Olivine is the earliest mineral to crystallize from basaltic magma, and accurate knowledge of olivine/melt partition coefficients (DOl-melt ) for first-transition row elements (FTREs) Ga and Ge, is required in quantitative modeling of petrogenetic processes in planetary basalts. Numerous experimental studies have focused on this topic, but most investigations concentrated on minor elements found in olivine, and the oxygen fugacities (fO2) in many of these experiments were commonly designed to be similar to those found in Earth’s mantle. However, for applications involving the formation of basalt on other rocky planetary bodies including the Moon, Mars, and asteroids, oxygen fugacities during basalt formation can range widely from 2 log units below the iron-wüstite buffer (herein referred to as IW-2) to IW+6. In addition, lunar basalts are generally iron-rich compared to terrestrial basalts.

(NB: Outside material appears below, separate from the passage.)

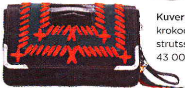
Kuvertväska av krokodil- och strutsskinn, 43 000 kr, Luella.

To assess the effects of oxygen fugacity and iron content on partition coefficients of FTREs, Ga and Ge, Dr. Jiejun Jing (a JSPS postdoctoral fellow in Ehime University) conducted a series of high-temperature experiments (around IW-2 to IW+5.5) at 1 atm using a gas-mixing furnace with the cooperation of colleagues in Ehime University, and in other universities in the Netherlands, China and Germany. The results show that most DOl-melt  show no sensitivity to bulk system iron contents, but DOl-meltCr  is significantly higher in our experiments compared to DOl-meltCr  derived from olivine-melt inclusion pairs in lunar samples with much higher FeO content. DOl-meltNi  values are nearly constant at a range of oxygen fugacities above the IW buffer, but abruptly decrease when the system is iron metal saturated (below the IW buffer). Using the newly derived partition coefficients, the authors re-assessed two aspects of lunar basalt generation. First, they conclude that the Cr-rich nature of the olivines in lunar basalts compared to terrestrial basalts must be attributed to the Cr-nature of the cumulate mantle source of lunar basalts, which is linked to the early crystallization of Cr-poor minerals olivine and orthopyroxene in the lunar magma ocean resulting in shallow Cr-rich cumulates. Second, the higher Co/Ni ratios in olivine in high-titanium lunar basalts compared to olivine in low-titanium lunar basalts suggest the former were formed at a more reduced condition in the lunar mantle (below the IW buffer, saturated with metal).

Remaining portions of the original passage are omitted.